Their policies have morphed to the point where I no longer want to be a fail test for their greed.
Now they will control all sending and receiving of goods and returns as well as taking 16+% of all sales
They just started this and Ive been bit by it twice already. It will probably take months for them to shake out the bugs and far reaching ramifications of this latest policy change and we all get to suffer through their learning curve.
I remember several of these throughout the years but I dont need it any more. Im gonna downsize my stress and leave that particular greed and desperation site behind.

_*Whew !!*_

I feel better already.


----------



## catfish (Apr 28, 2021)

F feebay.


----------



## BFGforme (Apr 28, 2021)

That's weird, just bought few things last night and no fees, just Cali sales tax!


----------



## sworley (Apr 28, 2021)

BFGforme said:


> That's weird, just bought few things last night and no fees, just Cali sales tax!



I think he's talking about fees for the seller on any sold items.

I agree about disliking eBay but you can't argue it isn't one hell of a market. They closed my old account last month when they were asking for personal bank info but I broke down and rejoined. You just can't beat the exposure there when selling and good deals do occasionally pop up. They got me...


----------



## Schwinny (Apr 28, 2021)

BFGforme said:


> That's weird, just bought few things last night and no fees, just Cali sales tax!

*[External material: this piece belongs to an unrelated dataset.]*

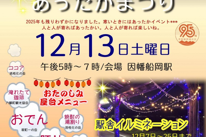【2025】八頭町イルミネーションスポット 鳥取県八頭町各所のイルミネーションについてご紹介!八頭町には八頭町の玄関口「郡家駅」や登録有形文化財である「因幡船岡駅」「隼駅」「丹比駅」などの若桜鉄道の駅舎、大江ノ郷リゾートのイルミネーションなど綺麗なスポットがいっぱいあります!また、イルミネーションに関連したイベント「ぷらっとぴあ・やず イルミネーションコンサート」や「因幡船岡駅あったかまつり」についでもご紹介します。八頭町にお越しの際は是非お立ち寄りください。 目次 郡家駅 因幡船岡駅 2025因幡船岡駅あったかまつり 大江ノ郷ヴィレッジ 大江ノ郷自然牧場 期間限定「ショートケーキパンケーキ」 隼駅 丹比駅 郡家駅 期間:12月6日(土)~2026年1月上旬JR郡家駅構内の「ぷらっとぴあ・やず」は、八頭町観光協会が管理・運営する八頭町観光の拠点です。八頭町の観光案内からオリジナル八頭町グッズの販売、若桜町と八頭町をまたがる「若桜鉄道」グッズ、乗車券の販売など、八頭町に来たらまずはぷらっとお立ち寄りいただきたいスポットです。二階の展望スペース『うさぎテラス』では、『八頭の白兎伝説』の事を知り体感できます。 因幡船岡駅 期間:12月7日(日)~25日(木)因幡船岡駅は、登録有形文化財に登録されています。一年を通して地域住民の団体である「坂町一の会」や「若桜鉄道因幡船岡駅の活性化を考える会 」がイベントを開催しています。木造平屋建の本屋に、プラットホームが一体となって連続する駅です。イルミネーション点灯式は、12月13日(土)17時から因幡船岡駅あったかまつりのイベント内で行います。 2025因幡船岡駅あったかまつり 詳細ページへ 大江ノ郷ヴィレッジ 期間:12月25日(木)までパンを焼く職人、目の前でスイーツを作り上げるパティシエ、銅鍋を振ってだし巻きを焼く姿。作り手の顔が見えるよう、ガラス張りになった開放的な店内は、ものづくりの臨場感にあふれています。お子様やご家族、お友達同士で楽しく学べる体験教室では、バウムクーヘンづくりやソーセージづくり、手打ちうどんなどワクワク・ドキドキがいっぱい。体験を通じて、農業やもの作りの楽しさ、食の大切さを学ぶことができます。2024年11月新たに大江ノ郷ヴィレッジ内にCIEL CRAFT CHOCOLATE TOTTORI(外部リンク)がオープンしました。 詳細ページへ 大江ノ郷自然牧場 期間限定「ショートケーキパンケーキ」 隼駅 期間:12月14日(日)~12月27日(土)予定若桜鉄道隼駅は「若桜鉄道隼駅本屋及びプラットホーム」として登録有形文化財に登録されています。隼駅は木造平屋建の本屋の北側に、プラットホームが連続する駅です。昭和3年以降、昭和5年に若桜駅までの全線が開通する間の終着駅であったため、本屋のほかにも乗務員休憩所など、他の駅では見られない建物が設けられています。外観だけでなく、待合室内部も当時の姿を良く残しています。★こちらもあわせてどうぞ!「隼駅まつり」 丹比駅 期間:2026年1月11日(日)までプラットホームに、アメリカの鉄鋼王として有名なカーネギー製のレールを再利用して作られた庇(ひさし)が特徴的な駅です。現在でもカーネギーの文字を確認することができます。丹比駅舎内では、八東ふるさとの森で見ることのできる野鳥の写真を展示しています。 人気記事ランキング 砂の国でごほうび旅!宿泊3,000円割引+美術館チケット付き☆鳥取市宿泊キャンペーン 詳細はこちら 初めての鳥取砂丘!事前に知っておきたい砂丘攻略法 詳細はこちら 「松葉ガニ」は「ズワイガニ」?鳥取市で食べるべき絶品極上のカニとは 詳細はこちら JR鳥取駅・鳥取空港~鳥取砂丘へのアクセス 詳細はこちら 鳥取駅周辺グルメ情報 詳細はこちら

Yeah, I don't think there is any fee to buy things there.
But Im finding more and more lately that Ebay has turned into a flea market for cheap Asian goods and Desperate sellers that flip their accounts easily after receiving too many negatives. I had to return 5 things last year and two so-far this year.  All involved whining, incredulous, and entirely clueless sellers. The last one was a part mislabeled and represented as one size and arrives as two sizes smaller. Answer... no its not. No return. Ebay says too bad.
But I also sold a helluva lot from there last year with not one issue. And paid them quite a bit in fees.
Ive notices Craigslist going down also since their introduction of fees for certain categories.
FB Market Place and offer-up are booming.
Every reputable bike store that Ive done business with in the last couple years sells online in places other than Ebay also. I think I can still find stuff from these stores and buy it from the seller off Ebay.


----------



## OldSkipTooth (Apr 28, 2021)

I hear you! I’ve been on eBay since 1997, and in the last few years it’s completely fallen apart, now with the new payout system you never really know when you will ever get paid. What a great idea EBay was in the beginning, and how their stock was scooped up by investors in the growth period. Now it’s a bunch of people selling things they know nothing about, and buyers who need to return everything as if it were Amazon.


----------



## BFGforme (Apr 28, 2021)

Gotcha, understand now! Was selling on there couple years ago and was cool, then all a sudden my GF was getting statements at the end of the month taking money out of her PP account and was like what the f? I had forgotten about that... couple times wasn't until months later!


----------



## BFGforme (Apr 28, 2021)

Stopped selling, but continue to buy....


----------



## GTs58 (Apr 28, 2021)

BFGforme said:


> Gotcha, understand now! Was selling on there couple years ago and was cool, then all a sudden my GF was getting statements at the end of the month taking money out of her PP account and was like what the f? I had forgotten about that... couple times wasn't until months later!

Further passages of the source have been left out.